Muss er denn wirklich schon wieder weg?"

Sharin antwortet nicht darauf sondern öffnet die Tür um mit ihrer Schwester, an der Hand, das Zimmer zum Flur
hinaus verlassen zu können. Beide Mädchen schleichen sich zum Nebenzimmer, so leise wie es ihnen möglich ist.
Die Tür des Nebenzimmers steht offen, eine Kerze brennt auf dem Tisch unter dem Fenster und spiegelt
sich darin wieder.
Ihre liebevolle Mutter sitzt kerzengerade auf dem Bett. Arme und Hände hat sie ausgestreckt,
alles deutet auf eine abwehrende Haltung hin. Ihre Stimme zittert vor Angst, flehend und voller
Gnade winselnd.

"Bitte, lass es uns erneut versuchen...
ich liebe dich, ich würde alles für dich tun!"

Nun kommt auch endlich das Bild, welches sich den beiden Kindern darbietet, in dessen Verstand an.
Mit gezogenem Schwert steht der Mann über der Frau. Hält es, mit der Spitze vorran, direkt auf ihre Brust.
Seine Stimme überschallt sogar die restlichen Worte der Mutter...

"Du verfluchtes Weib hast schon genug angerichtet!"

Sharin blickt ungläubig auf das Rückenfell ihres Vaters, unfähig zu sprechen, aus Angst dadurch vielleicht noch alles
schlimmer zu machen.
Ty presst sich eng an die Seite ihrer Schwester, mit wachsender Unruhe verfolgen ihre Augen
das Geschehen in diesem Zimmer.
Der Mann greift mit der freien Klaue nach dem Haarschopf seiner Frau, es dauert nicht einmal solang
wie ein Atemzug...
Er hebt das Schwert, jedoch nur um es kurz darauf mit der Spitze in die Brust der Mutter zu jagen.
Immer tiefer versenkt er die Klinge im Körper der Frau, welche nur für einen kurzen Augenblick
einen erstickenden Schrei los lässt.

"Ich wusste das es ein Fehler war mich mit einem Menschenweib abzugeben.
Die Jahre sind verschwendete Zeit. Elendes Miststück!"

Sharin legt eine Hand auf ihren Mund um nicht laut loszuschreien. Ihre Augen starren voller Entsetzen
auf einen kleinen Fluss aus Blut das sich seinen Weg vom Bett zu Boden bahnt.
Die kleine Ty starrt mit völliger Verwirrung auf das Blut an dem Stahl des Schwertes, welches
der Vater mit einem schmatzendem Geräusch aus der Brust der Frau zieht und
nun schlaff in der Klaue an seiner Seite hängen lässt.
Die Augen des kleinen Mondgesichtes werden blass, verlieren ihren ursprünglichen Glanz.
Abwechselnd springt ihr Blick von der toten Mutter zum Schwert... Vater.. und wieder zurück.
Langsam und voller Fragen erfüllt kommen ihr die Worte unbewusst über die Lippen...

"Mama... ?"

Ruckartig dreht der Mann sich zur Tür, lässt mit der Klaue den Haarschopf der Frau los, welche nun einfach
leblos zur Seite wegkippt.
Diese Augen...
Ein blutrotes Leuchten...
Gefährlicher als alles was Ty jemals gesehen hat.
Sie graben sich tief in ihre kleine Seele...
Starren sie wie gebannt an, gefangen in einem Meer aus Blut und Hass.
Sie ist so gefesselt das sie nichtmal bemerkt wie Sharin an ihrem Arm zieht, sie von der Stelle wegzerren will.

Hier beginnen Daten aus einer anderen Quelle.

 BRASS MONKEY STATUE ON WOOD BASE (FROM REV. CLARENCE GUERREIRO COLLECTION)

"Tylinn! Komm schon! Lauf, bitte LAUF!"

Das ist alles was sie vernimmt.
Obwohl Sharin ihre kleine Schwester regelrecht anschreit, kommt es ihr nur vor
wie ein fernes Flüstern. Doch Sharin schafft es das kleine Mädchen mit sich zu reißen.
Der Blickkontakt zum Vater verliert sich dabei in einem Nebel.. ein Schleier der sich über ihre
kleine zarte Seele legt, ihren Verstand umschließt.

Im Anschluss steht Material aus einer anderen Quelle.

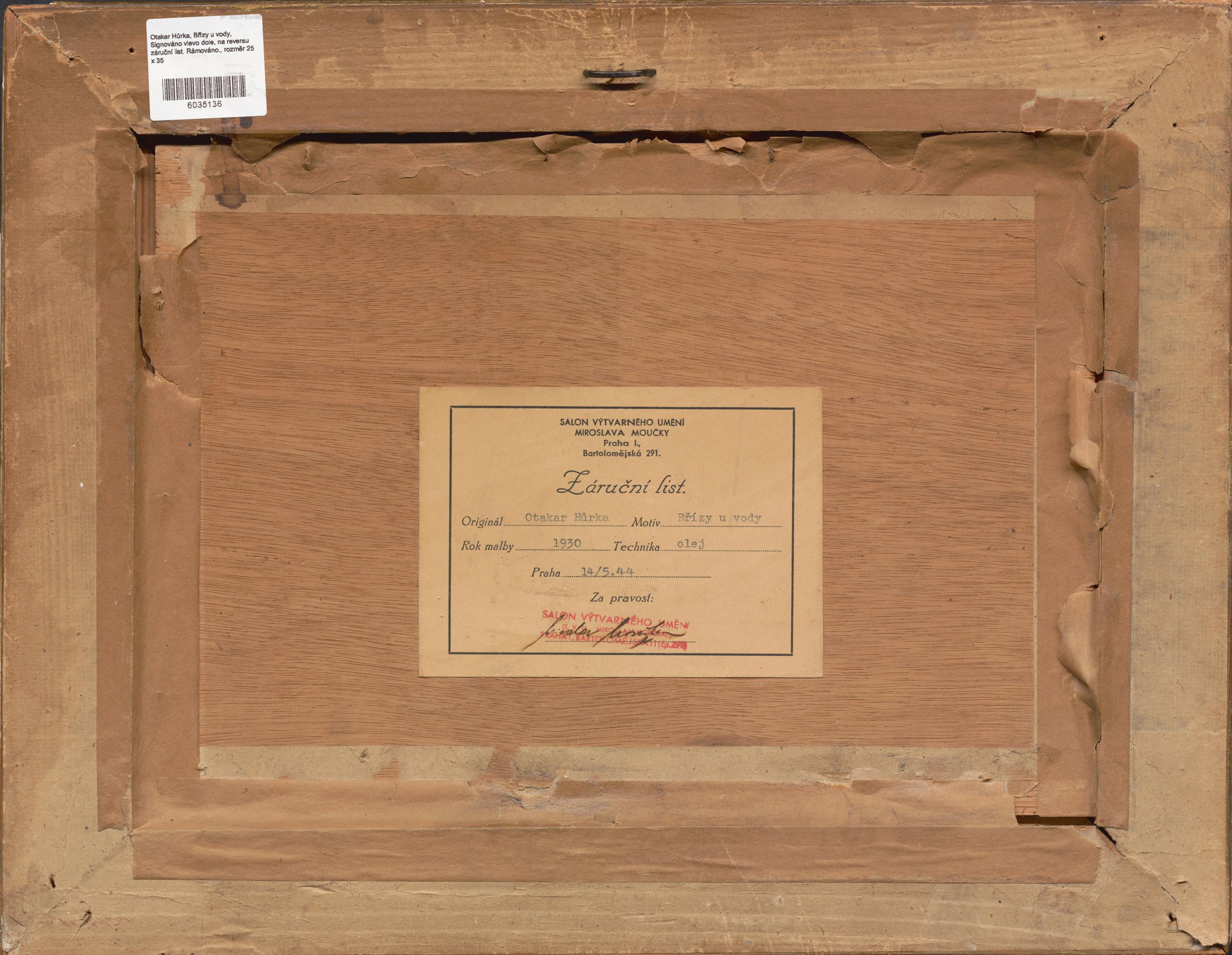 Signováno vlevo dole, na reversu záruční list. Rámováno.

Sie läuft, lässt sich von Sharin führen... diese stürmt wie von Sinnen auf die Haustür zu.
Reißt sie auf.. zerrt Tylinn hinter sich her, raus in den prasselnden Regen...
Sie schaut sich nicht um, rennt nur so schnell wie ihre Beine und Füße sie tragen können.
Hinter ihr Tylinn... sie wagt einen Blick über die Schulter, zurück zu ihrem Zuhause.

Und da sind sie wieder...
Diese blutroten Augen die sich durch die Dunkelheit fressen.
Der Vater steht am Eingang, blickt den Mädchen hinterher, ruft ihnen etwas nach..
Die Worte jagen schallend und bedrohlich durch die Nacht und unterstreichen nur noch
intensiver diesen Hass.. diese durchdringenden bösen Augen...

"Ja, rennt nur! Verluchte Bastarde! Euch kriege ich auch noch!"

Noch immer rennen sie... in den Wald, immer tiefer hinein in der Hoffnung von all den
Bäumen geschüzt zu werden.
Die Hütte ist schon außer Sicht, nur noch das Dunkel begleitet die beiden flüchtenden Kinder.
Das einzige was zu hören ist sind Sharins schnelle Atemzüge, nach Luft ringend.

"Wir suchen im Wald nach Schutz, ich werde dich niemals allein lassen... !"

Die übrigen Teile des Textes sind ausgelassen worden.